冯懿柳被签进了应莱,在今早并正式宣布,顺带澄清了昨天的事故,说是老板与员工之间的纯粹关系,并且来接她也仅仅是出于老板对员工的关心。
这没人信的,不过是场面是的客套话。
喻说珩很聪明,他的目的也不仅仅是进军娱乐圈,他和冯毅柳两人一唱一和,在内娱火热打响了应莱的招牌。

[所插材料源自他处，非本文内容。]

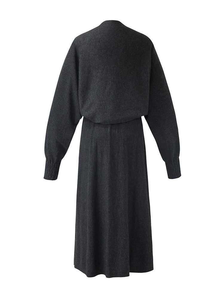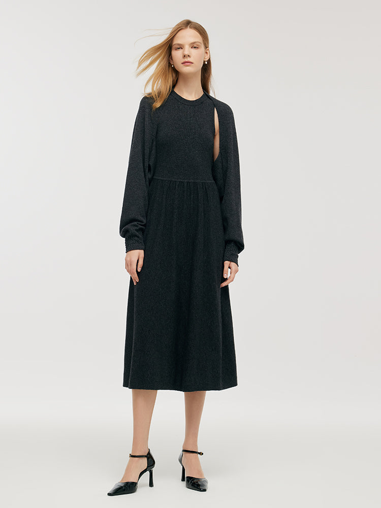 This two-piece set is made from a blend of thermoregulating fibers, superfine wool, and nylon, ensuring warmth and comfort. The outer piece can be worn as a jacket or a scarf, offering simplicity and practicality. In early autumn, you can wear the slip dress alone; in late autumn, it works as a set, and in winter, it can be paired with a coat. Overall, this set will be a very practical addition to your wardrobe.
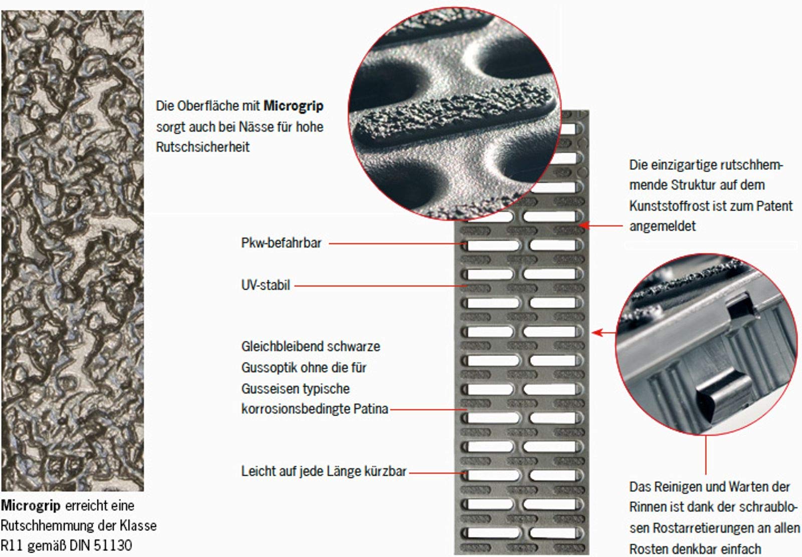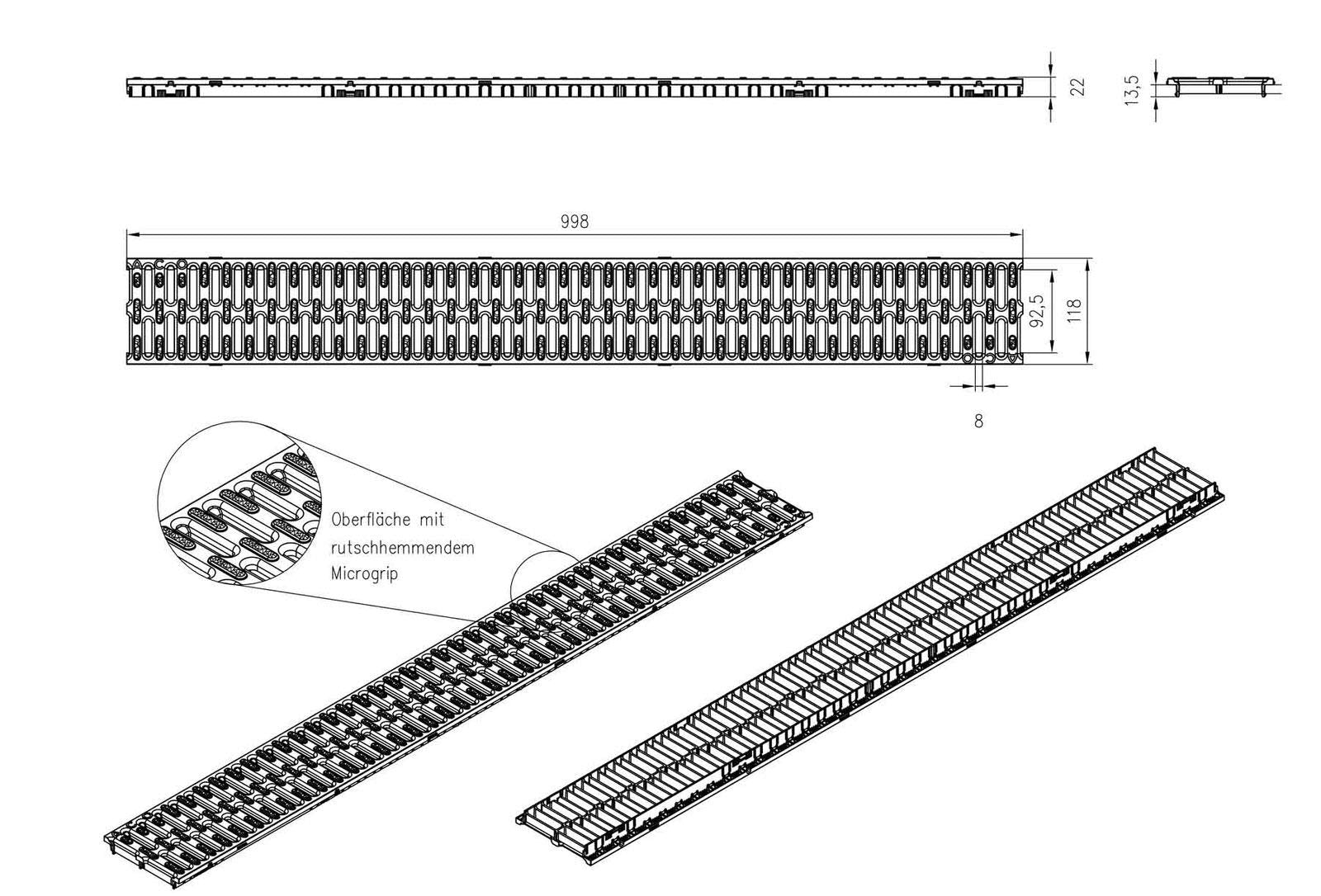 - Microgrip structure molded directly into the grate surface and therefore particularly durable / even under heavy use, the plastic grate retains its anti-slip properties

那冯毅柳又图的是什么呢?喻说珩,还是一大把一大把流水般的资源。
季书已抿唇,其实她对冯毅柳的感觉也说不上怎的明确,毕竟她两的熟,并非是关系有多亲密,而是认识的时间很久,在熟到快忘记这个人总会有合作让这人在刷新一下脑海,也可以说是她让季书已所欣赏,算得上是单方面棋逢敌手的心心相惜。
也不知道冯毅柳看她是怎的感受。
冯毅柳来了,门一开,霎时打断了她一的思绪。
她今天看上去很憔悴,不过有妆感的加持,反而漂亮地透彻令人怜惜。
她落了坐,理了理拂散的头发,对季书已说:“抱歉啊,我晚来了。”
季书已谅解人意:“没事,是我早到了。”
两人相视一笑。
不知道她怎么看自己,但能确定,是友好的。
她犹犹豫豫几欲说些什么,但还是顿住了,也不知道在想什么。
“你想知道我为什么会来应你的要约吗?其实我本来有一个通告要赶,但被我推了。”季书已看着冯懿柳说到。
“因为好奇,好奇我跟喻说珩的关系。”
就知道她想问这个。
季书已耸耸肩,坦然一笑:“其实在来之前,我根本没有见过他,甚至说都鲜少想起他,不过*鉴于他签了你,我还是挺觉得有趣。毕竟进军娱乐圈赚的钱可没他主业赚的百分之一多,你说对吧?”
冯懿柳沉默。其实说真的,在以前季书已回回和她交锋的时候她都会很理智,她是一个聪明人,怪就怪在她喜欢上了喻说珩,她以资源作为回报,可是哪里又会止步于此呢。
就现在而言,可能就仅仅是落花有意,流水无情。
“我不知道。”冯懿柳老实说道。没人知道喻说珩进圈为了什么。
季书已若有所思,她点点头
“我来找你也不仅是因为这件事,你所争取的那部戏,签了我。资本大于戏本身的存在价值,这是一门赌约,只可惜,败就败在了喻说珩的犹豫。”冯懿柳点点头,“我不想知道有关他从前的种种,我只求现在。我喜欢他。”
“选了你?资本的选择吗,还是……”季书已蹙眉。
“不重要了,其实在我看来你有很多选择,你没必要……”
季书已笑,她说:没必要强吊死在这一棵树上。你说的不对。讲一番伦理,这个行业存在竞争,本就是在正常不过的事情了,且竞争本就存在条件和资本,这些就犹如各自的保护壳和攥在手里的包票 。”她喝了一口被子里的咖啡又继续说“你赢了,有你的道理,有你的方法,我赢了,又何尝不是如此呢?我不计较你,算是赢下了一份人情。再者说谁说你我一定就会穷追不舍了?一个好的剧本固然重要,固然惹人眼红,但我也不是那种不讲道理就硬杠的人,故事不是照着一个人量身定做的,角色选丑选美,选老选少,无论选谁都无所谓,重要的是要带动整部戏的节奏呀,让它有来自原作却不同于原作存在意义啊。”
她很看的开,这事没法强求,就不等于要鱼死网破,她是一个很顾大局的人,她也看好任何一个竞争对手。
“你很好,好好演这部戏,不要翻车,不要比我差,不要浪费任何心血,我会期待的。”季书已笑。
一旁的冯懿柳料到会她会不甘心,会很体面的争论,会不解,却没料到她确实会不解,但她会更爱演戏,爱到可以不顾自身利益也可支持他人的地步。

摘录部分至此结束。